Les autres « gros poissons » de la Séléka devraient aussi faire l’objet d’enquêtes prioritaires de la Cour
Lewis Mudge
Le procès de Mahamat Saïd Abdel Kani, ancien commandant de la Séléka en République centrafricaine, s’est ouvert aujourd’hui devant la Cour pénale internationale (CPI). Saïd est accusé de crimes de guerre et de crimes contre l’humanité, dont beaucoup auraient été commis à l’Office central de répression du banditisme (OCRB) dans la capitale Bangui, entre avril et novembre 2013.
En avril 2013, Bangui était une zone de guerre. La ville avait été saisie moins d’un mois auparavant par une coalition de groupes rebelles connue sous le nom de Séléka, dans le but de renverser le gouvernement du président de l’époque, François Bozizé.

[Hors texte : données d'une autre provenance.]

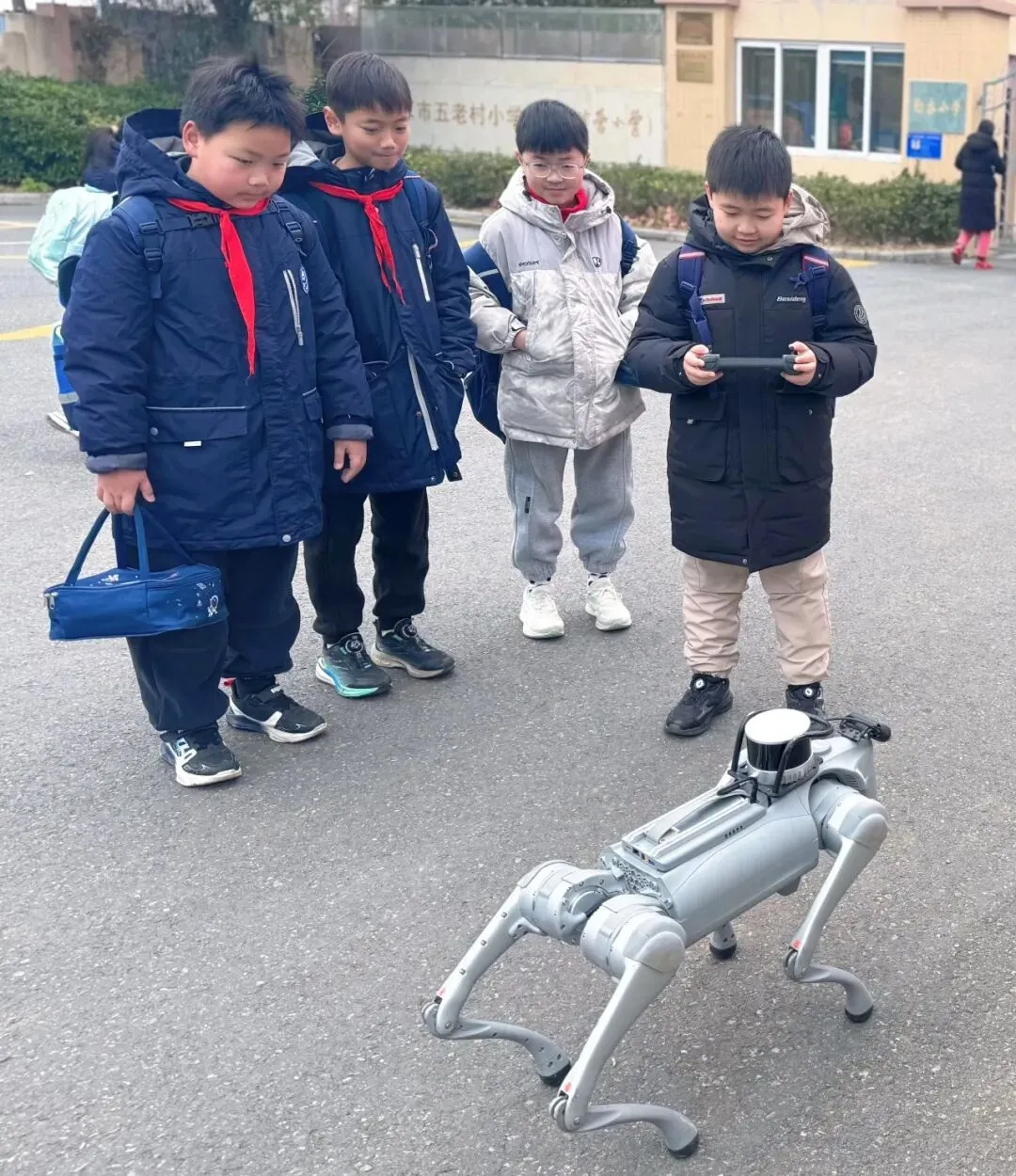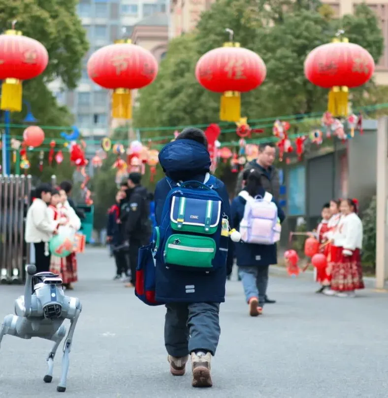 “小福娃”在校门口向师生问好,机器狗与机器人“宾果”也齐齐上阵,带来满满的科技感与新学期的喜悦。踏着晨光,孩子们背着书包,步履轻快地走进校园,一张张笑脸为新学期拉开了温暖的序幕。

Après avoir pris le pouvoir, la Séléka s’est lancée dans une vague de meurtres à travers le pays, pillant, tuant et violant les habitants sur son passage. Je me souviens de m’être entretenu avec deux sœurs qui avaient été violées par des combattants de la Séléka dans leur maison le 25 mars 2013. L’une d’entre elles, enceinte de huit mois, a perdu son bébé le lendemain. J’ai rencontré des hommes qui ont survécu à des exécutions de masse par pure chance et des habitants du quartier Boy-Rabe de Bangui, où des dizaines de civils, dont des femmes et des enfants, ont été tués par des combattants de la Séléka lors d’une attaque en avril 2013.
Près de dix ans plus tard, aucun dirigeant de haut rang de la Séléka n’a été tenu responsable de ces abus. Saïd rejoint plusieurs commandants de la milice anti-balaka – les adversaires de la Séléka – qui seront également jugés par la CPI. Le mois dernier, la Cour a rendu public un mandat d’arrêt à l’encontre de Noureddine Adam, l’ancien numéro 2 de la Séléka, auquel Saïd était « directement subordonné » selon la CPI. Il s’agit d’une avancée positive. Adam supervisait les combattants de la Séléka et Human Rights Watch a documenté comment des soldats placés sous son commandement se sont probablement livrés à des atrocités à Bangui et dans les environs de la capitale. Après avoir fui la capitale, Adam a pris la tête d’autres groupes armés, donnant un triste exemple de la façon dont les dirigeants qui commettent des abus et bénéficient de l’impunité continuent de commettre des crimes.
Le procès de Saïd devrait être le début de l’établissement des responsabilités pour les crimes commis par ce groupe qui a tant ravagé la République centrafricaine. Le Soudan, où se cacherait Adam, devrait le livrer dans les meilleurs délais à la CPI, qui devrait continuer à enquêter sur d’autres « gros poissons » – comme on les appelle à Bangui – de la Séléka.